**EXERCISE:** The data below holds a line containing "Click here to" and a line containing "Designing each unique"; please quote exactly those two lines and every line between them, and nothing else.

Records contained in a dataset:
• • • • •

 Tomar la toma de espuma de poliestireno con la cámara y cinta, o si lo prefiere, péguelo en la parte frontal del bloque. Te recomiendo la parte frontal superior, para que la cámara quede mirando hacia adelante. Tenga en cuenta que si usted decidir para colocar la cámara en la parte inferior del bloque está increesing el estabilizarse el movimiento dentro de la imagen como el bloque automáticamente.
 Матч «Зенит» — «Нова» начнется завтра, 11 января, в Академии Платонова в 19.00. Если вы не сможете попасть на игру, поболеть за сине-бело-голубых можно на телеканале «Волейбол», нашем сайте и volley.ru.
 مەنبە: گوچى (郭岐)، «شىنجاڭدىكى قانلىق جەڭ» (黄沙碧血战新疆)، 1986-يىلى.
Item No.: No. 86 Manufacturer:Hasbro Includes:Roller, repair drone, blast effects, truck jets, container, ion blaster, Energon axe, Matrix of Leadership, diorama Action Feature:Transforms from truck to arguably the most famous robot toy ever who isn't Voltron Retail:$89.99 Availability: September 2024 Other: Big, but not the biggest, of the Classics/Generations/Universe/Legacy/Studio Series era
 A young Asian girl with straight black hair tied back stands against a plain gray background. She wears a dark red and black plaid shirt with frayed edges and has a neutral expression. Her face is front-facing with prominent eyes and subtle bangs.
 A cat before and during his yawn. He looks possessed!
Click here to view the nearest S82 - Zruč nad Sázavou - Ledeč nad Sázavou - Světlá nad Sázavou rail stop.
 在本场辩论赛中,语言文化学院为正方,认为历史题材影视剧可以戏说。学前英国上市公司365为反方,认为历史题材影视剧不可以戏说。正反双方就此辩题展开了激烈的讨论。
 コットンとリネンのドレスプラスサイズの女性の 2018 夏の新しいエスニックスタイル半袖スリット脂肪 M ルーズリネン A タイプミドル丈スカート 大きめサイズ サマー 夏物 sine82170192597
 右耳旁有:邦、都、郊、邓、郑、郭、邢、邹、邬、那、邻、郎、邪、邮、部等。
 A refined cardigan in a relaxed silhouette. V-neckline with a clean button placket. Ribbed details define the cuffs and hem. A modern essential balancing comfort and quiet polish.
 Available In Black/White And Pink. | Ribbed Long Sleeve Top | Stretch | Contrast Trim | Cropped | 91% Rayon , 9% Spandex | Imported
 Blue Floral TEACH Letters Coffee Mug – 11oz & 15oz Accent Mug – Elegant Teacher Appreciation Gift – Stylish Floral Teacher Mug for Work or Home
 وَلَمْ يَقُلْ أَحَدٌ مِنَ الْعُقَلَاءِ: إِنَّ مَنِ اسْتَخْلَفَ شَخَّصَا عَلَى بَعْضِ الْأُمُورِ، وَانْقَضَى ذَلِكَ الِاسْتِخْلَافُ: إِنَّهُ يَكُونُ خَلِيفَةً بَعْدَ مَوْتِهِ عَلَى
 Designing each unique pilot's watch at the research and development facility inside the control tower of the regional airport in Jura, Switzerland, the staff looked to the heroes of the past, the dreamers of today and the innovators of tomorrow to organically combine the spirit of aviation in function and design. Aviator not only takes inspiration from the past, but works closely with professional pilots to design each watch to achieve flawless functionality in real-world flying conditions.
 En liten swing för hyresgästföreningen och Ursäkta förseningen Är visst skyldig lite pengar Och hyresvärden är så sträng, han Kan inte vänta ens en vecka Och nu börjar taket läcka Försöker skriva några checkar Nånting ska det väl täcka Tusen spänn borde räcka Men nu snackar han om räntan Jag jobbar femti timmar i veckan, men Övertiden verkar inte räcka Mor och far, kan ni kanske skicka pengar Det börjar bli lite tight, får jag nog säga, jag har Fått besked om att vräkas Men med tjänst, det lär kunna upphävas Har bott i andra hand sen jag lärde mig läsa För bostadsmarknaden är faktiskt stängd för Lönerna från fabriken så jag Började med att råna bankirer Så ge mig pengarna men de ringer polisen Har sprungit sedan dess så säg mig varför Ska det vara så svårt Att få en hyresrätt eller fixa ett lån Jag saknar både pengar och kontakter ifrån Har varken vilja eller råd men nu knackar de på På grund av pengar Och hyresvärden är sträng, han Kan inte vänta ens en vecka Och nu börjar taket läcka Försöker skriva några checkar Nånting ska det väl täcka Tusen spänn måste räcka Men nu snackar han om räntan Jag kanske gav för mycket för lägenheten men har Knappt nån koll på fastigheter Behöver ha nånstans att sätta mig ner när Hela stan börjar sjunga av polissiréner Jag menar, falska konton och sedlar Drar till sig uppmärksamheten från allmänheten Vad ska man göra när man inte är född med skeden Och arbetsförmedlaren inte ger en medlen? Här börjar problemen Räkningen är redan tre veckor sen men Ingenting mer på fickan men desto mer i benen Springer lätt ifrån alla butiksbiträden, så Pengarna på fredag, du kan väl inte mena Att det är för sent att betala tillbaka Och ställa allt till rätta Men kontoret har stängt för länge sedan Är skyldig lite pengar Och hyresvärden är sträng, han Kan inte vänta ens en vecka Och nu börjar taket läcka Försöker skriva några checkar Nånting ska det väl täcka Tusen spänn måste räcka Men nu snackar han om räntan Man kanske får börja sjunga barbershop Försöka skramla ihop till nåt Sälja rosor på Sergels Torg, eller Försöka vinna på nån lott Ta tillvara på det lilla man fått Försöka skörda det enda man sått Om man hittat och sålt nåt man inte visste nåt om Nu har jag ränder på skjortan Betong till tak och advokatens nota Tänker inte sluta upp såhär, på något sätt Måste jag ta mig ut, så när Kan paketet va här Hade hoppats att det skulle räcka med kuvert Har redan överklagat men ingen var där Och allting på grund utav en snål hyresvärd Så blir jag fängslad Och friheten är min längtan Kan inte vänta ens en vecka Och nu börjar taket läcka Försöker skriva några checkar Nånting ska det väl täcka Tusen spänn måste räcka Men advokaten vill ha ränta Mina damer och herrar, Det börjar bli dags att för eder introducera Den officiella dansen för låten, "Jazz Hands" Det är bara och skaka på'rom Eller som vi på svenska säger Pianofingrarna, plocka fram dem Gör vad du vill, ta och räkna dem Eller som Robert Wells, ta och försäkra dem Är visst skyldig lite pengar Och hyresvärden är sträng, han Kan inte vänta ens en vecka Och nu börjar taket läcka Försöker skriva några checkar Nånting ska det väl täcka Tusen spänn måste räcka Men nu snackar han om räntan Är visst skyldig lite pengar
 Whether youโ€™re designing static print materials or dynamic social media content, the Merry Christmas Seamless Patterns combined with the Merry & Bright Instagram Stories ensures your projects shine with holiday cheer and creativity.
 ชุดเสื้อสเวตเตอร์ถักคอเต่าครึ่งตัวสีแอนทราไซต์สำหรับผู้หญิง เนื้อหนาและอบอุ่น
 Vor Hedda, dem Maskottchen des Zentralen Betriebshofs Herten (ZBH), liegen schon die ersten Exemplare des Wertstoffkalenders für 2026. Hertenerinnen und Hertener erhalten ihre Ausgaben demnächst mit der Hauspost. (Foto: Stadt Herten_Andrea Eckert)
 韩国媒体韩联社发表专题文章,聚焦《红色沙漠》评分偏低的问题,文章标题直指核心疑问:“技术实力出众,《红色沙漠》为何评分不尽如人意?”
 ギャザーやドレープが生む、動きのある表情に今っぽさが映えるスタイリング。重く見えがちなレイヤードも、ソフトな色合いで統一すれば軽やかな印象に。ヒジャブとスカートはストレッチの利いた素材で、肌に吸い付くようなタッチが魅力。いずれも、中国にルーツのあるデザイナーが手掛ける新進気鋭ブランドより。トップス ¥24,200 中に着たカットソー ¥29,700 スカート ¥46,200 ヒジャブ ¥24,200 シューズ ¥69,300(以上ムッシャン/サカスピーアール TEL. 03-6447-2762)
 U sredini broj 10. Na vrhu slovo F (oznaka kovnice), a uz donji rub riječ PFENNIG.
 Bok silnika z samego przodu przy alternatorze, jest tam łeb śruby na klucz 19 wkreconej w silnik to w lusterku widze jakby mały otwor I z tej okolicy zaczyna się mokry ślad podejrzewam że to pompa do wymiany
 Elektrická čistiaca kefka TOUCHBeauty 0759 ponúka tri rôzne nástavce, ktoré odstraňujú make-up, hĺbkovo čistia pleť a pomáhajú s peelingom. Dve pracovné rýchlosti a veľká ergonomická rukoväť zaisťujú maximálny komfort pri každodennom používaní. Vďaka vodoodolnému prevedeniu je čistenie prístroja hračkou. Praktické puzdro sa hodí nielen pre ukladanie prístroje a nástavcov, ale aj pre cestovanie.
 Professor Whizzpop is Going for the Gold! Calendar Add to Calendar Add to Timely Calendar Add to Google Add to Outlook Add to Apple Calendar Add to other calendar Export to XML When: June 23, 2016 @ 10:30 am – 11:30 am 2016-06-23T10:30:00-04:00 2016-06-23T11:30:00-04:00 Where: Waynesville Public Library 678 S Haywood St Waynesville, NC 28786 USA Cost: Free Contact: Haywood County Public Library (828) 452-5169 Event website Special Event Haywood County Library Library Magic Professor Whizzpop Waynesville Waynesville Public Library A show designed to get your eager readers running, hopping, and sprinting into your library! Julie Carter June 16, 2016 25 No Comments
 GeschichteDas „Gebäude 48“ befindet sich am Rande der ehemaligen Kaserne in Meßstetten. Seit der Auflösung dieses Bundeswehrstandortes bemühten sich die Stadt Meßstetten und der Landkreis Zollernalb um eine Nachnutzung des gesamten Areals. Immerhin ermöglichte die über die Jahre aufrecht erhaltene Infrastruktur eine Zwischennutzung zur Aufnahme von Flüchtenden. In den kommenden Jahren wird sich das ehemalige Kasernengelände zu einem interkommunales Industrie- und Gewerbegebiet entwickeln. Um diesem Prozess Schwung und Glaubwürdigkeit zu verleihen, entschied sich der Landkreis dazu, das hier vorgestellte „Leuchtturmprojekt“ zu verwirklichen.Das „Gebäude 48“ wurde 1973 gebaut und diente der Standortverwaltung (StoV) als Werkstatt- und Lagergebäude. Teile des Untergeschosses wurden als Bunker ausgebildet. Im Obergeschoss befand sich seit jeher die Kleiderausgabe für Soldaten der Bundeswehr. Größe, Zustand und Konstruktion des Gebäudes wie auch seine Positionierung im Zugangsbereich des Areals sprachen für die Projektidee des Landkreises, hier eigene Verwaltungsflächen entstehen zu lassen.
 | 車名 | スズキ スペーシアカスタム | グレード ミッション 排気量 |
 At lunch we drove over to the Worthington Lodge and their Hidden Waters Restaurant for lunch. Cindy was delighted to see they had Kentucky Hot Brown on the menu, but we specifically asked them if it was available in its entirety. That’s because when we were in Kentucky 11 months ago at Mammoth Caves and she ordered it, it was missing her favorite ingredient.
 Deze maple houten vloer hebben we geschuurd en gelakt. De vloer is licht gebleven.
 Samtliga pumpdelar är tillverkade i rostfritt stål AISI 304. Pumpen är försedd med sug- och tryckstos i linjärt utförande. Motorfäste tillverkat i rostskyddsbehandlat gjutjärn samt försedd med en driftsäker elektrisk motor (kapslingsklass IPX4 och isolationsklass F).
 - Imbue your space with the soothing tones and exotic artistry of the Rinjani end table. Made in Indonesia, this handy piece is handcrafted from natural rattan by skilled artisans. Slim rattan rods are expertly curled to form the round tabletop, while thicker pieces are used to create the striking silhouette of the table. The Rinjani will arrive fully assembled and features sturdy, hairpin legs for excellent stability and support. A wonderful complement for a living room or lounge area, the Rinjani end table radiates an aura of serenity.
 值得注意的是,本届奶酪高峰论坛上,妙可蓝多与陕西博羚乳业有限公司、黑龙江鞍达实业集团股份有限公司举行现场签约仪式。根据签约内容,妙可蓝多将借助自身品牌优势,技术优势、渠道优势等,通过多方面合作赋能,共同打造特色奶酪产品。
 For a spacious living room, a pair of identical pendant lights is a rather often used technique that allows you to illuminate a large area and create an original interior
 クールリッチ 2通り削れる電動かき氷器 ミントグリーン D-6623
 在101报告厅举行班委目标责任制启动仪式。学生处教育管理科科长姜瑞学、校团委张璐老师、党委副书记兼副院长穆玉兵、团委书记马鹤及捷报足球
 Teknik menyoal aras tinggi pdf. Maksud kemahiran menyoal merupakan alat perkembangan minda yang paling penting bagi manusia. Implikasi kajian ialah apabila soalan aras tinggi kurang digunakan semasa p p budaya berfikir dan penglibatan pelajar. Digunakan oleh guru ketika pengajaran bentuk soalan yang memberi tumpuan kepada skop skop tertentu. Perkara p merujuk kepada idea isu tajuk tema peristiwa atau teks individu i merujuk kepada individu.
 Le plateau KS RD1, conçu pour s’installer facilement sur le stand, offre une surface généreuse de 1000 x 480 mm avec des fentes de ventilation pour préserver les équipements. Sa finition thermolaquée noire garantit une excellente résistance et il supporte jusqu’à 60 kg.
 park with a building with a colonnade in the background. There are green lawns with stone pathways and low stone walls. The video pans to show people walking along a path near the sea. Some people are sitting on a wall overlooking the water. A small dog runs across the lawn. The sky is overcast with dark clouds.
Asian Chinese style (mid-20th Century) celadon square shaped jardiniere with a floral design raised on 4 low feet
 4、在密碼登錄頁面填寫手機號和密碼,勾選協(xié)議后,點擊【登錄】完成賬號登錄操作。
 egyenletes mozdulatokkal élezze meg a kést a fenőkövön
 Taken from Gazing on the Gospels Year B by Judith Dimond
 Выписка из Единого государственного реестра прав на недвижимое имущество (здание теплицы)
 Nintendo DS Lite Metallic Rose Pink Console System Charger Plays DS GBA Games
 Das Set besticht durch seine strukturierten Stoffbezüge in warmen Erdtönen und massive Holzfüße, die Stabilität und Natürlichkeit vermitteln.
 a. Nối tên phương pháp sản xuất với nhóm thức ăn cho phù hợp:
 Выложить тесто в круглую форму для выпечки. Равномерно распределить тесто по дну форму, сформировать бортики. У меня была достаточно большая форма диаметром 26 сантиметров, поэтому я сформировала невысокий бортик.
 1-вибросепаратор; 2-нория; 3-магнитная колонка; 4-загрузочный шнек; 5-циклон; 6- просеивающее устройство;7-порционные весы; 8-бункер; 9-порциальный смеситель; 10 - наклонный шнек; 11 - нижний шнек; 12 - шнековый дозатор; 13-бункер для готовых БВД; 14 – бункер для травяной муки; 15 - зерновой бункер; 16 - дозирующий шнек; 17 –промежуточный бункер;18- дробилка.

• • • • •

**REPLY TO THE EXERCISE:**
Click here to view the nearest S82 - Zruč nad Sázavou - Ledeč nad Sázavou - Světlá nad Sázavou rail stop.
 在本场辩论赛中,语言文化学院为正方,认为历史题材影视剧可以戏说。学前英国上市公司365为反方,认为历史题材影视剧不可以戏说。正反双方就此辩题展开了激烈的讨论。
 コットンとリネンのドレスプラスサイズの女性の 2018 夏の新しいエスニックスタイル半袖スリット脂肪 M ルーズリネン A タイプミドル丈スカート 大きめサイズ サマー 夏物 sine82170192597
 右耳旁有:邦、都、郊、邓、郑、郭、邢、邹、邬、那、邻、郎、邪、邮、部等。
 A refined cardigan in a relaxed silhouette. V-neckline with a clean button placket. Ribbed details define the cuffs and hem. A modern essential balancing comfort and quiet polish.
 Available In Black/White And Pink. | Ribbed Long Sleeve Top | Stretch | Contrast Trim | Cropped | 91% Rayon , 9% Spandex | Imported
 Blue Floral TEACH Letters Coffee Mug – 11oz & 15oz Accent Mug – Elegant Teacher Appreciation Gift – Stylish Floral Teacher Mug for Work or Home
 وَلَمْ يَقُلْ أَحَدٌ مِنَ الْعُقَلَاءِ: إِنَّ مَنِ اسْتَخْلَفَ شَخَّصَا عَلَى بَعْضِ الْأُمُورِ، وَانْقَضَى ذَلِكَ الِاسْتِخْلَافُ: إِنَّهُ يَكُونُ خَلِيفَةً بَعْدَ مَوْتِهِ عَلَى
 Designing each unique pilot's watch at the research and development facility inside the control tower of the regional airport in Jura, Switzerland, the staff looked to the heroes of the past, the dreamers of today and the innovators of tomorrow to organically combine the spirit of aviation in function and design. Aviator not only takes inspiration from the past, but works closely with professional pilots to design each watch to achieve flawless functionality in real-world flying conditions.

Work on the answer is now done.